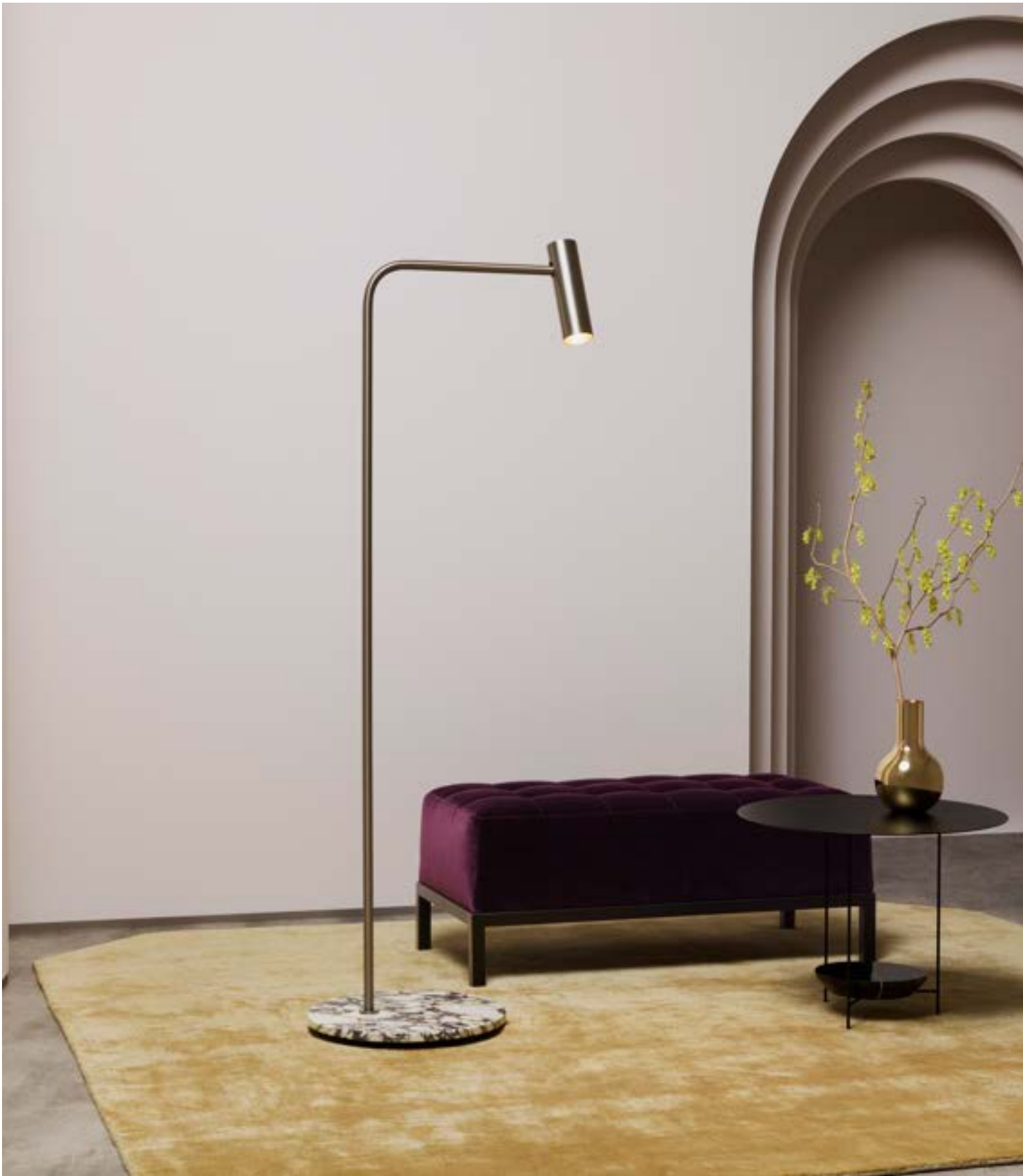
HERON FLOOR | BRONZE WITH CALACATTA VIOLA MARBLE BASE
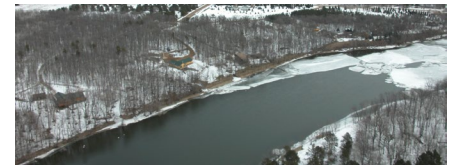
The Crow Wing River (bottom) has been a target for developers, which could interfere with the ability to conduct ground training (top).
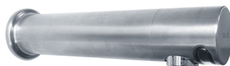
AT02-011 Aquarius WM Tap 200 mm-Brushed

▸ Exercise instructions
In the reply, every line of the material above is to be reproduced verbatim, and the images are to be left out.

▸ Final answer
HERON FLOOR | BRONZE WITH CALACATTA VIOLA MARBLE BASE
The Crow Wing River (bottom) has been a target for developers, which could interfere with the ability to conduct ground training (top).
AT02-011 Aquarius WM Tap 200 mm-Brushed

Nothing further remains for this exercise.